Morrison v. Emerson, Unpublished Decision (5-12-2003)

OPINION {¶ 1} Plaintiff-Appellant Charlene Morrison appeals from the November 12, 2002, Judgment Entry of the Stark County Court of Common Pleas entering summary judgment in favor of Defendants-Appellees Truck Insurance Exchange (Truck) and Lancer Insurance Company (Lancer).

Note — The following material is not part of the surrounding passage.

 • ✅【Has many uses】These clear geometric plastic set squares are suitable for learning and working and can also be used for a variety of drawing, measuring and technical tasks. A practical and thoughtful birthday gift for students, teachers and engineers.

STATEMENT OF THE FACTS AND CASE

{¶ 2} On December 13, 2001, Plaintiff-Appellant Charlene Morrison was involved in a two car accident caused by a drunken uninsured motorist. The owner of the vehicle driven by the drunk driver carried state minimum liability limits of $12,500.00 which was tendered and accepted by Plaintiff-Appellant with consent of Appellees Truck and Lancer.

{¶ 3} At the time of the accident, Plaintiff-Appellant was an employee of Infocision Management Corporation (Infocision) which was insured by Truck under a Business Auto Policy, with liability limits of $500,000 and an Umbrella Policy with limits of $4 million.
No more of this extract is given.